If I can keep our adorable yet wild puppy Stella from tearing down all of our blackberry canes, hopefully I’ll be able to make these next summer with homegrown blackberries! Also, I know I promised puppy pictures earlier but just haven’t gotten around to going through them and getting them up. They will be posted soon!
Another item to cross off the Baking Bucket List!
For the filling:
¾ cup granulated sugar
3 Tbsp. cornstarch
¼ cup water
2½ cups blackberries, separated
1 tsp. lemon juice
¼ cup mascarpone cheese
For the crust:
2½ cups all-purpose flour
1¼ tsp. salt
1 cup shortening
4-5 Tbsp. cold water
1 egg, beaten
2. Preheat oven to 425 ºF. To make the crust, combine flour and salt. Cut in shortening until the particles are pea-sized. Sprinkle mixture with cold water, 1 tablespoon at a time, tossing with a fork until all flour is moistened and a ball starts to form.

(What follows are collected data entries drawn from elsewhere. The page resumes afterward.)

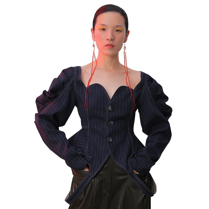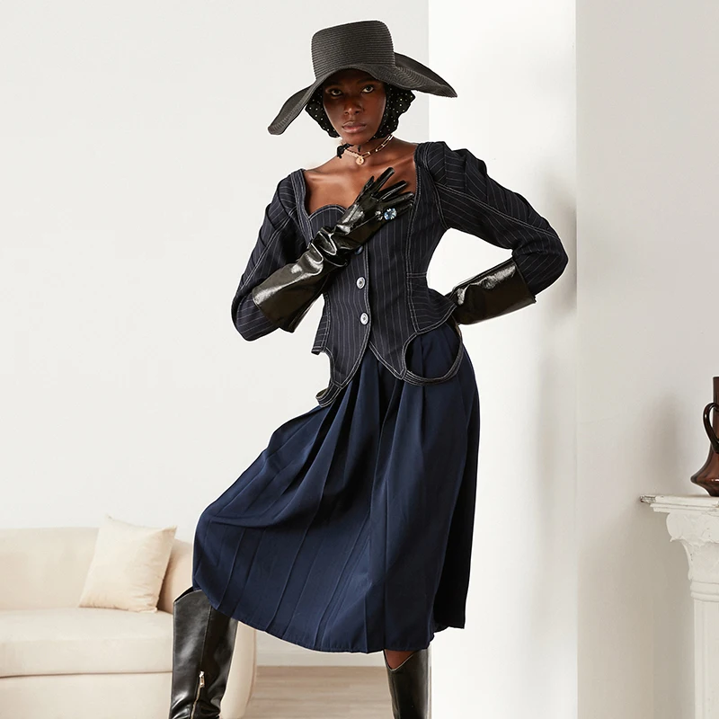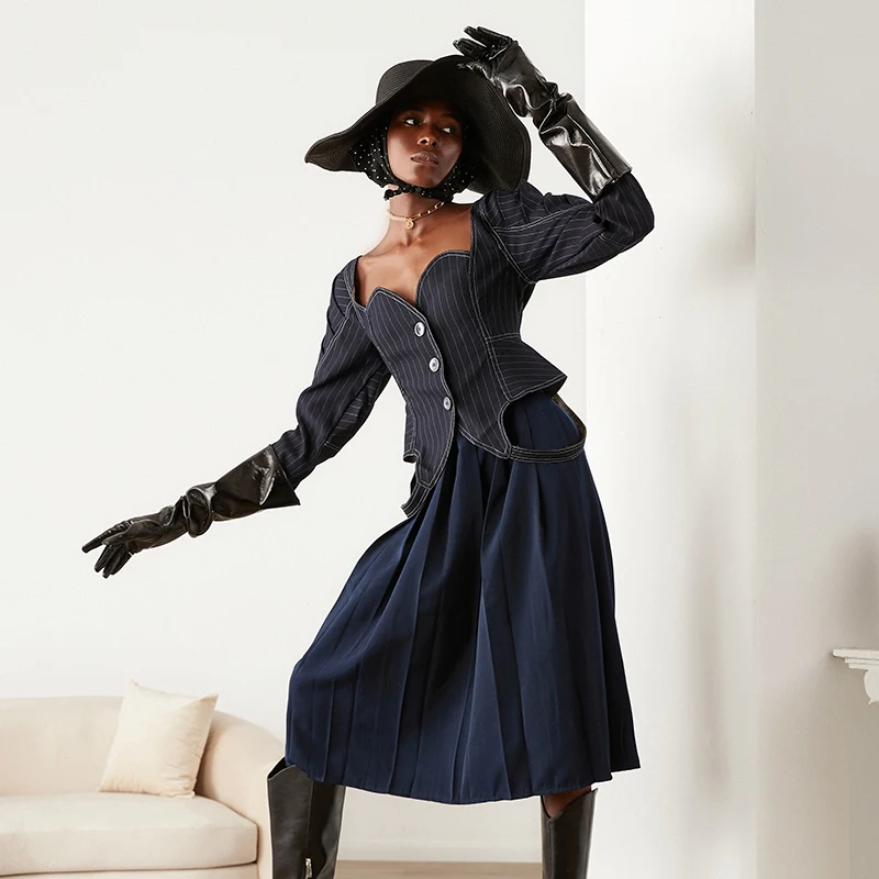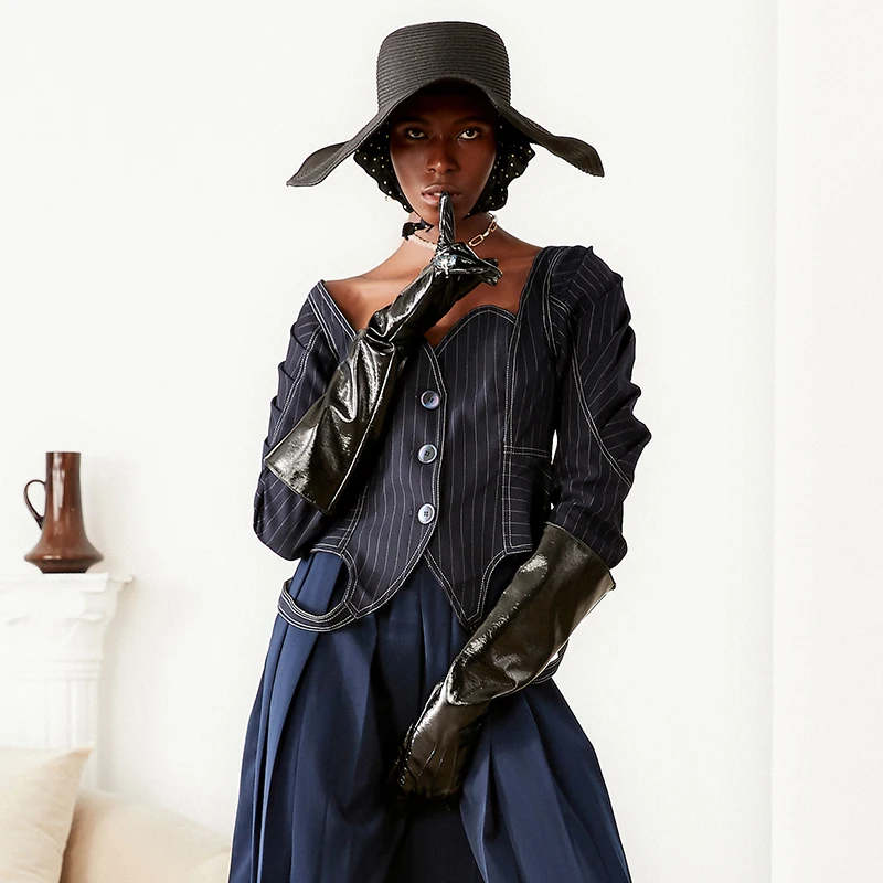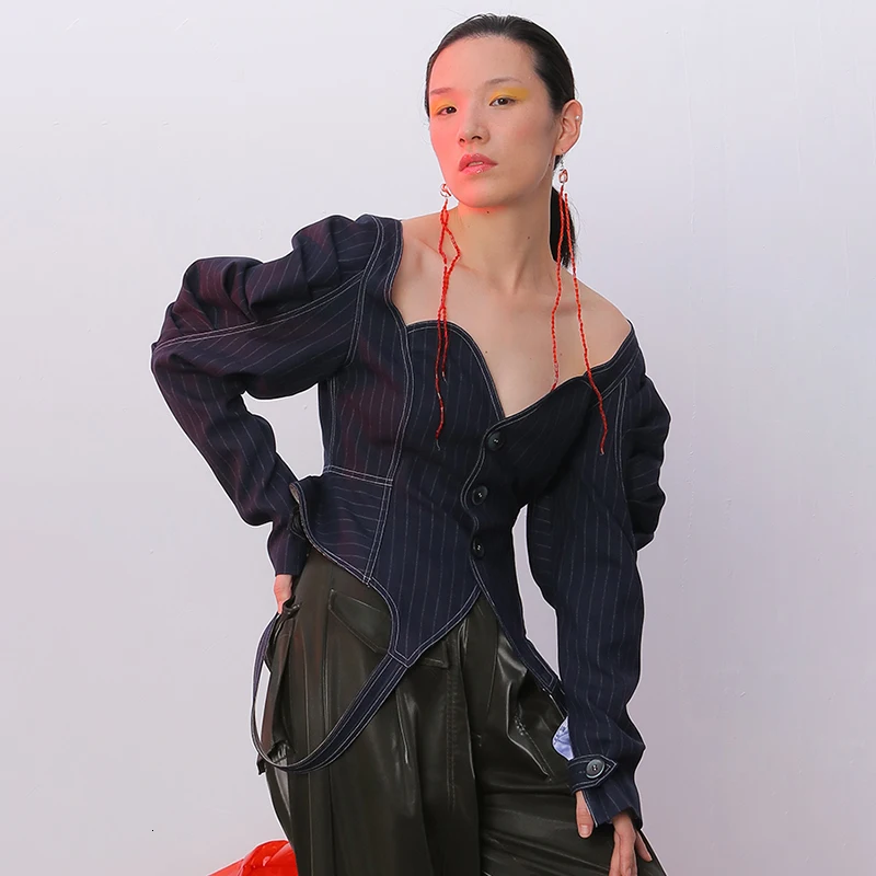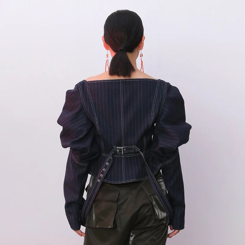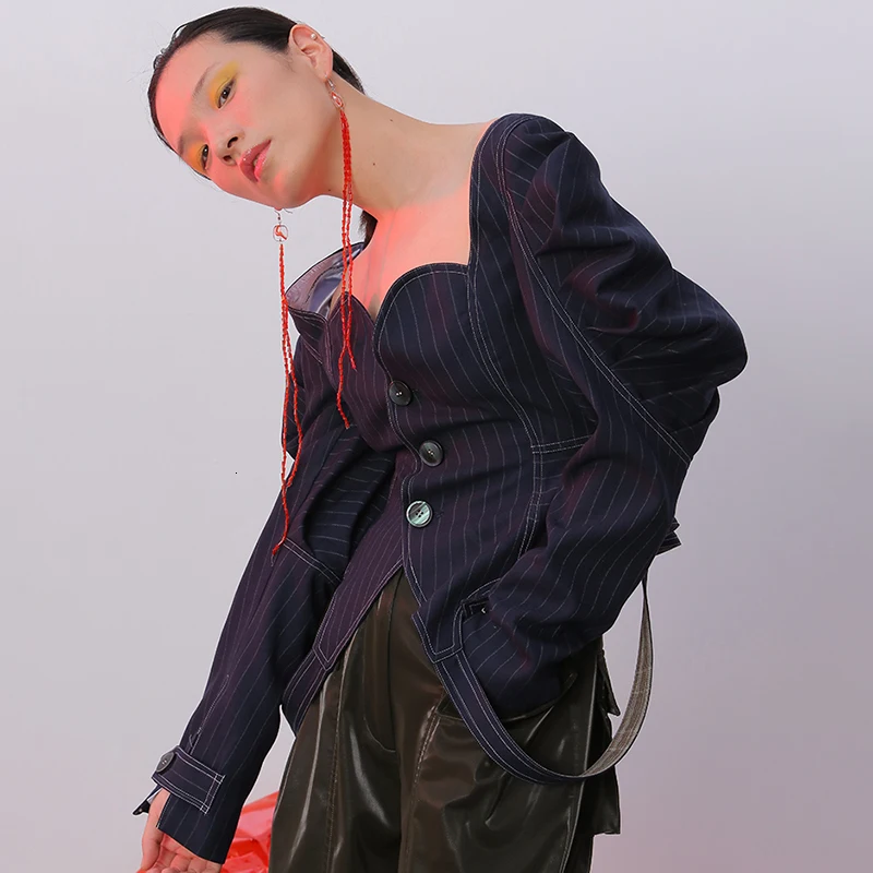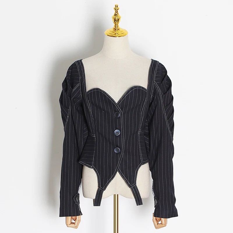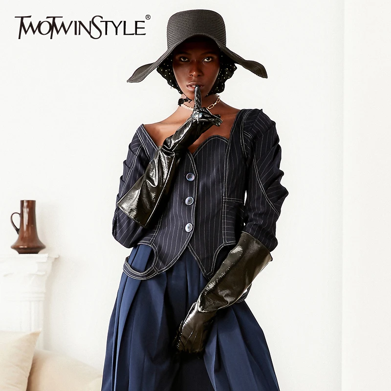 Женское пальто в полоску TWOTWINSTYLE, с квадратным вырезом, длинными рукавами-фонариками, 2020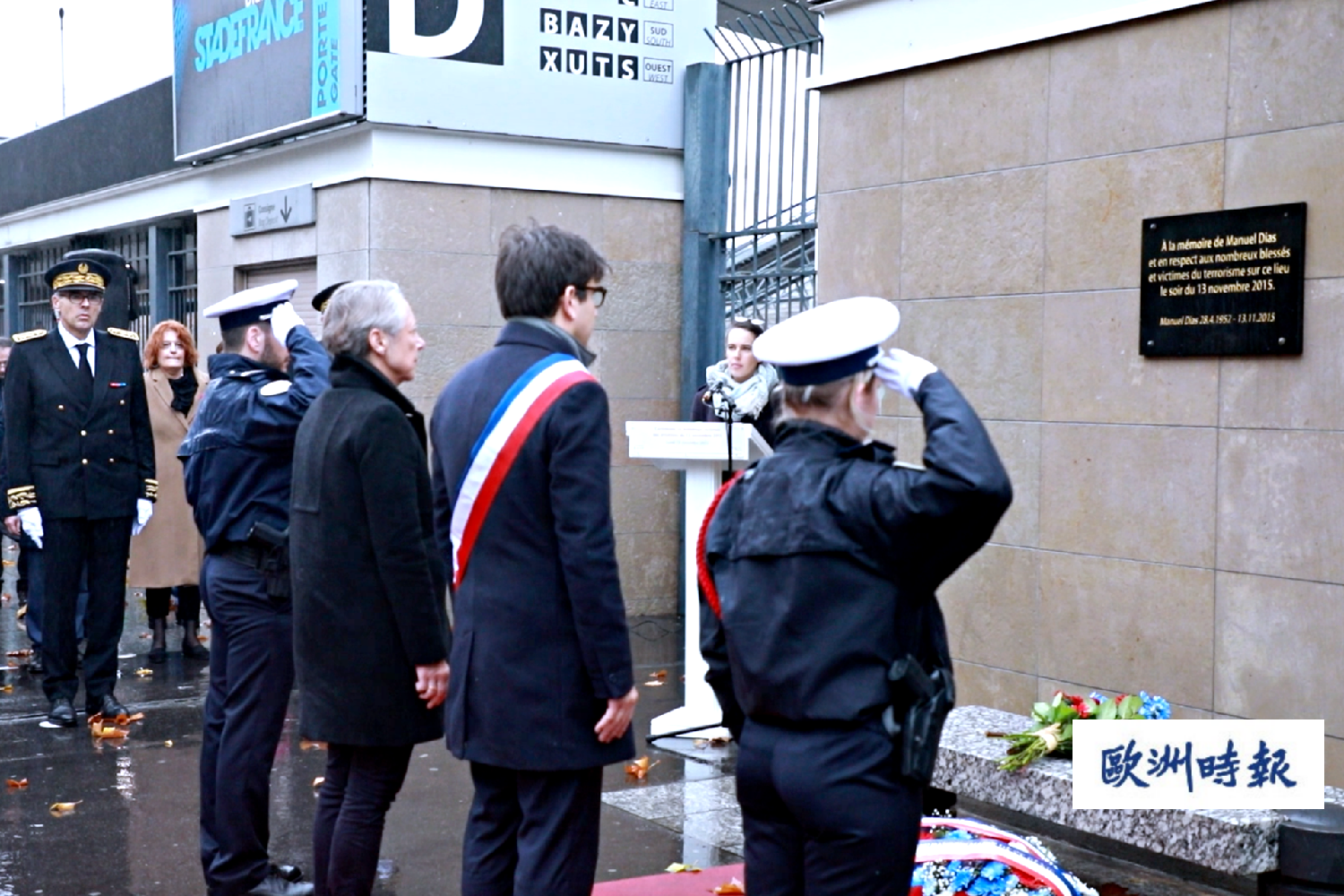 在巴黎北郊圣德尼市的法兰西体育场D号门前,法国总理博尔内和圣德尼市长哈诺廷向八年前2015年11月13日,巴黎恐袭事件始发地的遇难者的纪念铭牌敬献鲜花,默哀一分钟致意,并高唱马赛曲。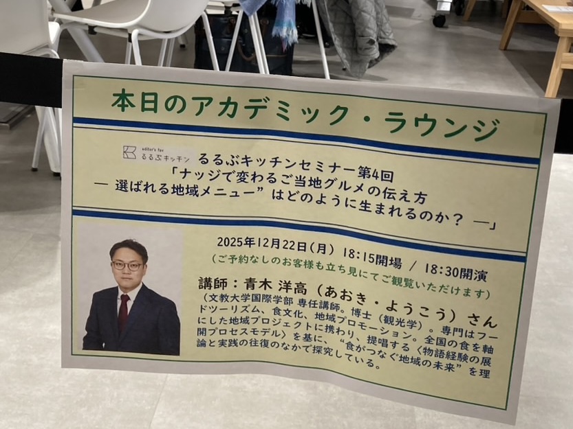 青木洋高ゼミナールではフードツーリズム、地域プロモーション、地域活性化などを研究しています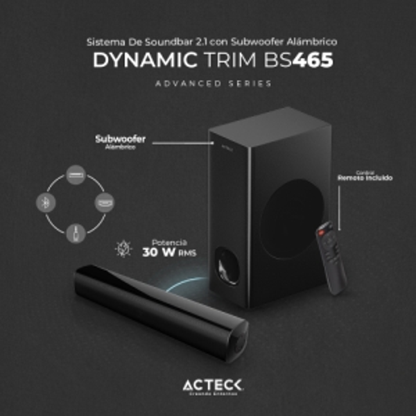 Acteck Barra de Sonido Dynamic BS465 Subwoofer Alambrico Bluetooth + HDMI + Óptico + 60W + Alimentación 110v Negro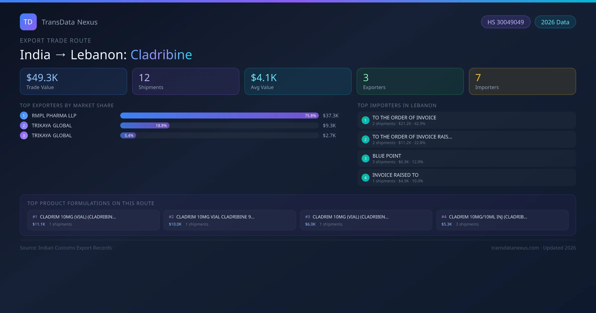 The India to Lebanon Cladribine corridor is one of India's established pharmaceutical export routes, with 12 shipments documented worth a combined $49.3K USD. The route is dominated by RMPL PHARMA LLP, which alone accounts for roughly 76% of all export value, reflecting the consolidated nature of India's cladribine manufacturing sector.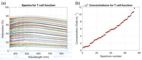 Absorption spectra and corresponding concentrations of dilution ranges of T-cells. (a) Absorption spectra (each color represents one concentration). (b) Corresponding concentrations measured with a Malassez cell. n = 73.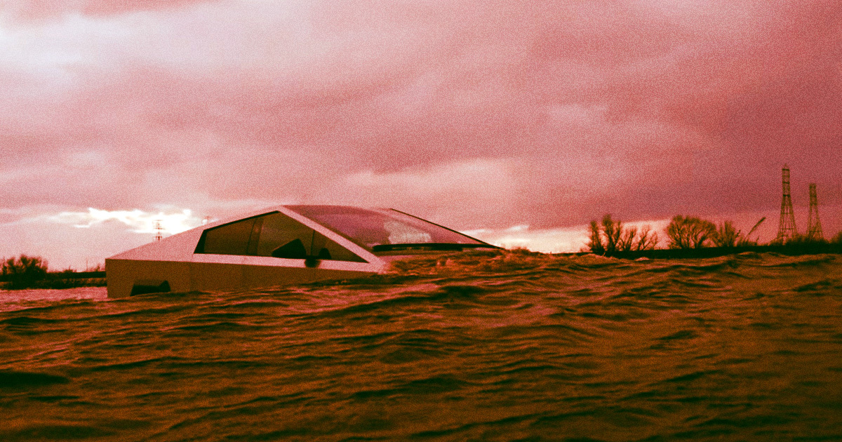 The driving mode raises the ride height of the Cybertruck and then pressurizes the battery pack, which supposedly helps ward off water that might spill in.
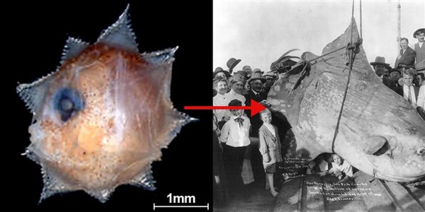 值得一提的是,这么庞大的身体,是从体重不到1克,体长2.5毫米的小鱼长成的,它的生长速度之快,被科学家誉为是脊椎动物中“体型增长最极端”的动物。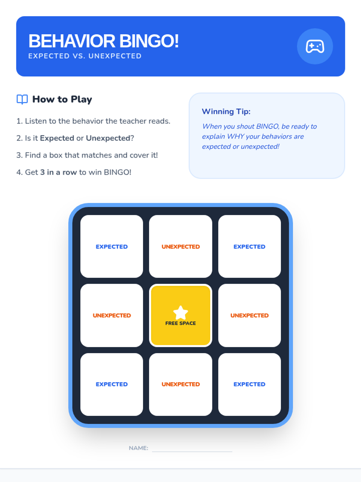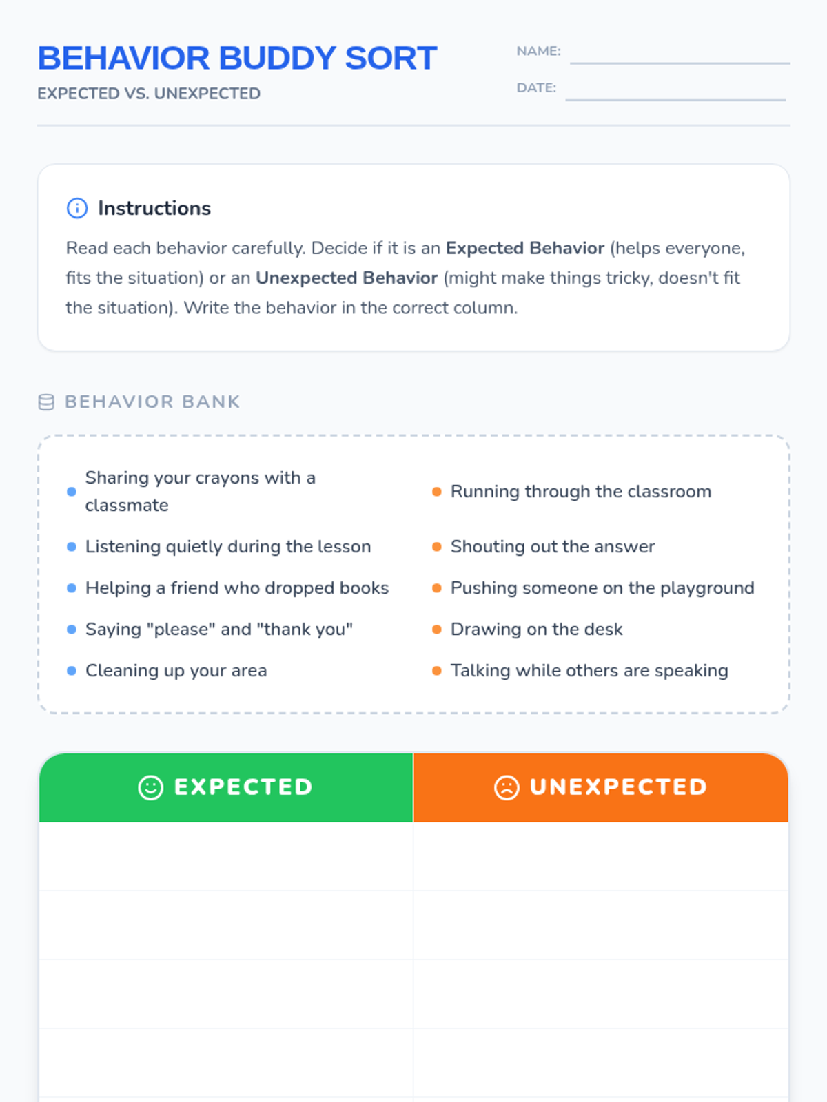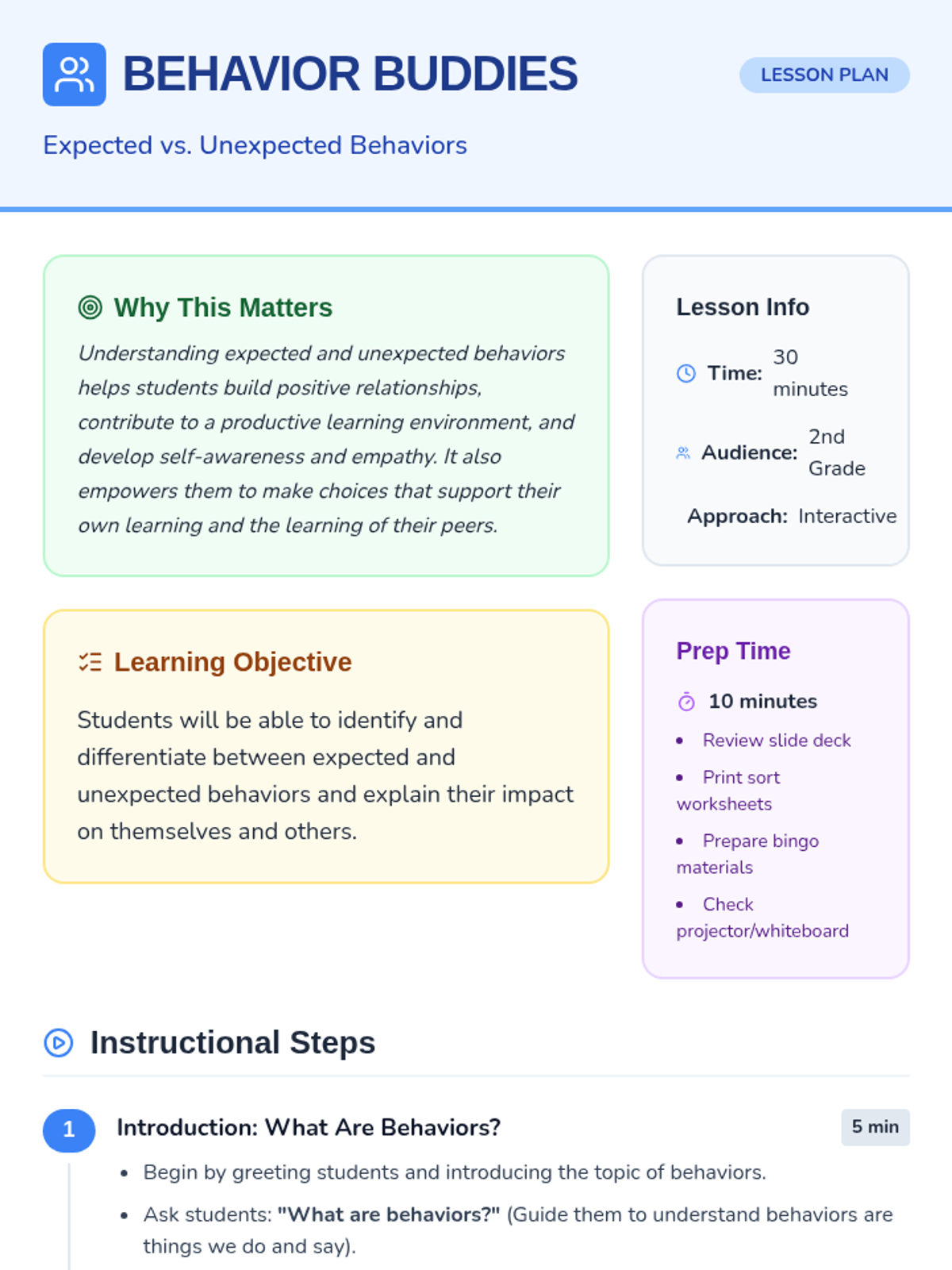 A 30-minute lesson for 2nd-grade students to understand the difference between expected and unexpected behaviors and their impact on the classroom environment.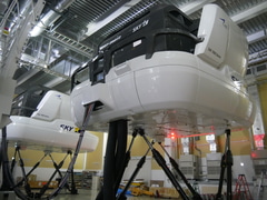 スカイマーク運航本部訓練審査部SIM管理課課長の田沼潔氏は、「天井部分に3台のプロジェクタを設置し、CGによる映像を、半透明スクリーンの裏側から投影。この映像を球面ミラーに反射させて、パイロットはそれを見ることで、臨場感のある環境で訓練などができる。球面ミラーは、薄いアルミ箔によって構成され、それを後ろ側から空気を吸引して凸面鏡を作って映し出す。ひずみがなく、遠いところと近いところの遠近感がある映像を投影できる」という。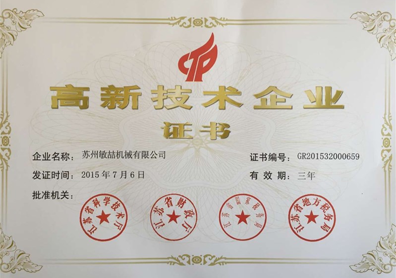 北京三聯虹普新合纖技術服務股份有限公司(以下簡稱“公司”或“三聯虹普)全資子公司蘇州敏喆機械有限公司(以下簡稱“蘇州敏喆”)于近日收到江蘇省科學技術廳、江蘇省財政廳、江蘇省國家稅務局、江蘇省地方稅務局聯合頒發的《高新技術企業證書》,蘇州敏喆被認定為江蘇省高新技術企業,證書編號:GR201532000659,發證日期:2015年7月6日,有效期3年。

3. Divide pastry dough in half. On a floured surface, roll one piece of pastry to about ⅛” thick. Cut half of the rolled out dough out into 2½” diameter circles and the other half into 3″ diameter circles. Place smaller circles on a baking sheet lined with parchment paper.
4. Roll out and cut the other half of the dough in the same manner. Feel free to bunch together the dough scraps and re-roll, though the dough will be less flakey and more prone to cracking.
5. Working one at a time, place 1 teaspoon of mascarpone in the center of each circle, pressing dollop down a bit with a spoon. Top with 2 tablespoons of the cooled filling. Brush a small amount of beaten egg around the edges of each circle. Gently place the larger dough circles on top of the filling and seal the edges by pressing down with your fingertips. Press the tines of a fork around the edge of the circle to fully seal in the filling.
6. Bake the pies for about 18-20 minutes or until the crust is golden brown. Remove from oven and cool on a wire rack.